So I checked, did up my car and it came out to 43670 on the bmwusa site. Hit that with a 7% discount and I got 40,613. WTF? That's almost a grand more than I paid for the car in May of 03!! So i'm to spend 1k extra to go to europe? That doesn't make sense.



> If you are any sort of driving enthusiast, you should do at least 1 ED in your life. Here are some interesting places you could go to, all within 1 day of driving or less:
> - The Italian hills around Florence. Think Maranello, think driver's paradise. Some of the best driving roads I've ever experienced. Excellent food, welcoming people.


I grew up in the foothills of the sierras. I know my way around 270 blind corners on cliffs/twists. Shrug, it was a way of life.

And just last year I cruised at 130 on I-15 out to vegas. averaged over 100 mph on that 300+ mile drive (1 hour spent in slow 40-50 mph traffic so you do the math) . Not sure if the ride would have been nearly as exciting if I weren't on the look out for cops the whole time.


----------



## adc (Apr 1, 2003)

blueguydotcom said:


> I'm not missing the point.
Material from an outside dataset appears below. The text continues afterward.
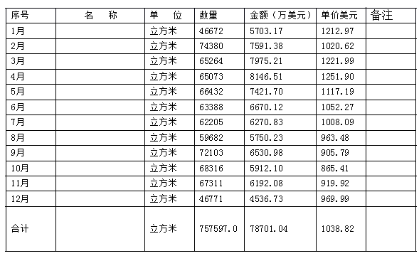 从以上数据中我们可以看出,2012年我国进口的红木原木与锯材量与上年同比,数量与价值均有较大增长。 2013年一季度共进口红木原木25.02万立方米。价值金额23920.10万美元,平均单价956.12美元,折合人民币约为5927.93元。2013年一季度共进口红木锯材1.68万立方米。价值金额2617.08万美元,平均单价1555.75美元,折合人民币约为9645.65元。2013年一季度我国进口红木原木和红木锯材详情见(表三)和(表四)。 2013年一季度进口红木原木统计表(表三)

I have no desire to go to europe. Of all the continents it's number 7 on the "must visit" list.
> 
> Next month i have to go to paris for business.  Bummer.


I'm not going to argue with you over a very personal preference. The advice given was in earnest good will. Too bad they don't offer Antarctica Delivery, you might have enjoyed that better 



> Obviously that's not the great deal you're talking about.
> 
> WTF? That's almost a grand more than I paid for the car in May of 03!! So i'm to spend 1k extra to go to europe? That doesn't make sense.


ED works like that - you subtract the ED "savings" amount from whatever US price you negotiate with the dealer.

The way that experienced consumers advise you to shop is as follows: calculate the invoice price for (car and options), then subtract ED savings (around $2500 for a 330), then add a dealer profit (around 5% is considered a good deal). Of course, this doesn't take into account dealer incentives etc.

I think it will come down to much, much less than the BMWUSA site. But on the BMW site you subtracted from MSRP. Who the heck pays MSRP for a 3 series???



> I grew up in the foothills of the sierras. I know my way around 270 blind corners on cliffs/twists. Shrug, it was a way of life.


Hat off to you.

My advice for the Italian hills was to experience a triple delight: good roads / scenery, good people, good food. I am not sure how that stacks up to the foothills of the Sierras (not even sure which Sierras you are talking about).



> And just last year I cruised at 130 on I-15 out to vegas. averaged over 100 mph on that 300+ mile drive (1 hour spent in slow 40-50 mph traffic so you do the math) . Not sure if the ride would have been nearly as exciting if I weren't on the look out for cops the whole time.


Then you might enjoy the Autostrada through the Alps at 100mph+. Believe me, it's a little different than I-15 and more thrilling even without the fear of cops. Too bad that when I did that I was driving a POS Opel on snows, but what a drive...

Again, just some good-will advice. I have no vested interest in ED, just trying to inform others of potential benefits of this program. I mean if you do business trips to Europe you could fly into Munich, pick up the car at 8AM and take it to the shipping company - and be out of there by 10AM with an extra $2500 in your pocket. Wouldn't have to "visit" the place... :dunno:

adc


----------